The main event of the week did not disappoint. The publication of the minutes from the December ECB meetings showed that the Governing Council is leaning towards ending the monthly purchases of sovereign bonds after the current extension ends in September of this year. The news that Germany was close to a Grand Coalition agreement just added fuel to the euro rally, which pushed all European currencies higher on its wake.

T
he action next week should be centered on emerging market currencies. On Thursday, we have an unusual number of central bank meetings on the same day: the Central Bank of Turkey, the South African Reserve Board, the Bank of Korean and the Bank of Indonesia. In G10 currencies it should be a relatively quiet week, however.

GBP

Sterling managed to keep up with the torrid euro rally against the US dollar. Strong news from both manufacturing and retail sales eased worries about any weakening of the British economy, and brought further Bank of England into focus. News that Spain and Netherlands were pushing for a soft Brexit in the negotiations also buoyed the Pound. On Tuesday, we get the critical inflation report for December. An upside surprise would force the market to further reprice expectations for hikes and send Cable to fresh post-Brexit highs.

EUR

The ECB minutes from its December meeting revealed a growing confidence in the economic outlook of the Eurozone.
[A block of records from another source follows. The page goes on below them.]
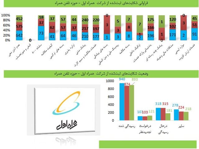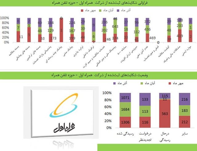 شکایات ثبتشده از شرکت همراه اول در آذرماه در بخش پشتیبانی و ارائه خدمات در مقایسه با شهریورماه، ۷۱ درصد افزایش، در بخش کیفیت سرویس 18 درصد افزایش و در بخش مشکلات مالی و تعرفه ۲۳ درصد افزایش داشته است.
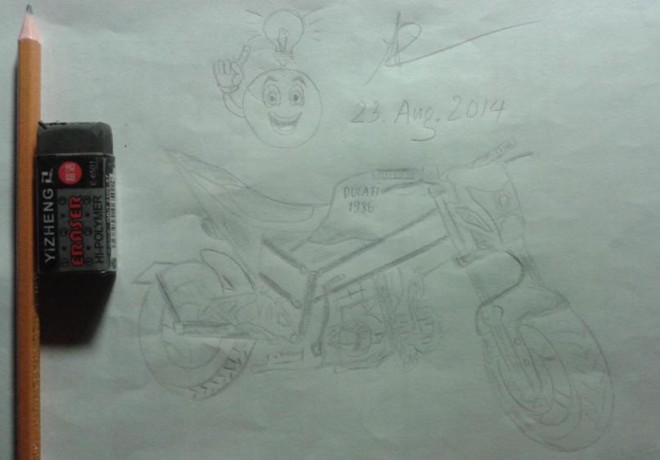 Bản phác thảo ý tưởng do chính anh Việt tự vẽ. Do từng có thời gian làm việc cho một công ty sản xuất linh kiện, phụ tùng cho xe máy, nên chủ nhân của chiếc xe có thể hiểu khá rõ về các chi tiết cơ khí.
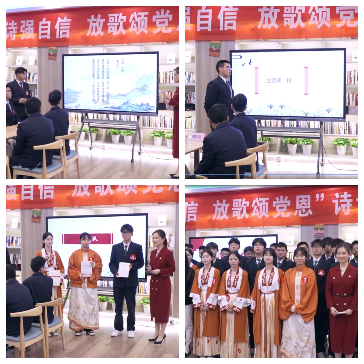 活动由团总支书记任海波老师主持,经过初赛大浪淘沙环节,共有6支队伍脱颖而出进入,决赛内容分为“于宫格里觅家国”、“党史故事映奋斗”“新时代里传诗心”“飞花令里扬精神”四个环节,进行激烈的PK,角逐,活动不仅考验选手的诗词储备,更是对选手心态的磨练。
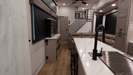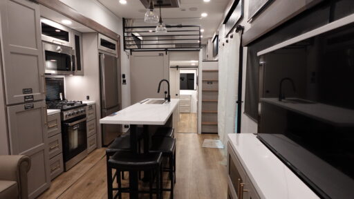 This destination trailer is perfect for a big crowd since it has one Power Tilting king bed, three mattress and an L- shape sofa. Experience the in-home feeling with the amazing kitchen and living room, furnished with a Kitchen island, L- shape sofa and a residential 110 V fridge. Also, you can sense the extreme coziness thanks to the dual fire places and get 24/7 entertainment due to the four TVs along the trailer. Plenty of place can be found in the front and rear loft bedrooms with three wardrobes in total. Lastly the two full bathrooms will allow you to comfortably take a shower after a long day.
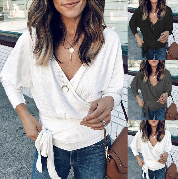 Short knitted fine women's sweater with a bow.
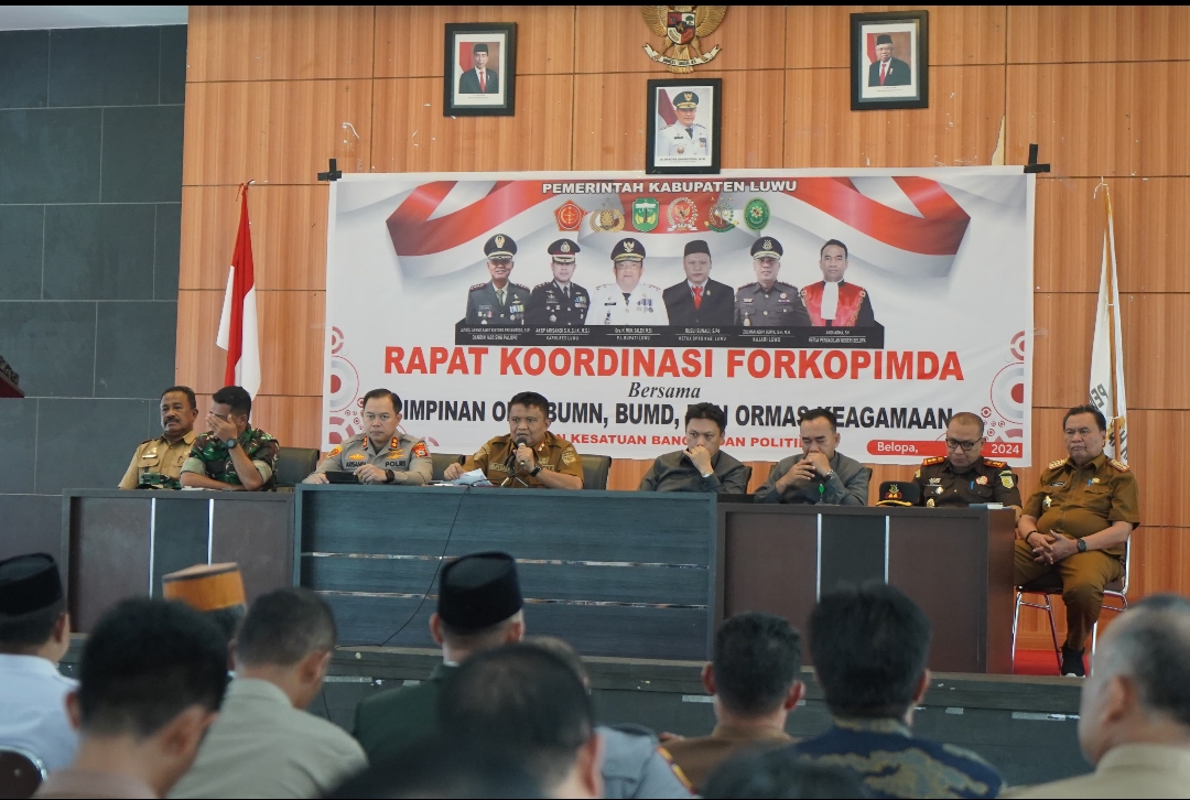 Menyambut hari raya Idhul Fitri 1445 H / 2024 M, Forum Koordinasi Pimpinan Daerah (Forkopimda) Kabupaten Luwu menggelar rapat dengan stakeholder terkait.

More controversially, they stated that “ultimately, the further absorption of slack should lead to upward wage and price pressures”.  This is yet to be seen in the key core inflation numbers, which exclude volatile energy and food items. These remain stuck below 1% in December, showing no sign that the positive economic environment is resulting in any wage or price pressures. Nevertheless, markets repriced the beginning of ECB hikes, bringing them forward into 2018 and boosting the common currency to a fresh three-year high.

USD

There were some rather strong economic surprises out of the US last week. Retail sales continue to grow at a very healthy 6% annualized rate. More importantly, it is starting to look  like the tight labor market is finally starting to push up inflation, as the core rate rose in December to an 1.8% annualized rate – not far from the Fed’s target. The market chose to overlook these bullish developments and the dollar struggled as traders focused on the hawkish ECB minutes. However, we now expect four full interest rates hikes from the Federal Reserve, vs none from the ECB. As the short-term differential across the Atlantic, it’s difficult to see how the Euro can continue to rally, particularly given the extraordinarily stretched positioning of traders, which are overwhelmingly long the currency.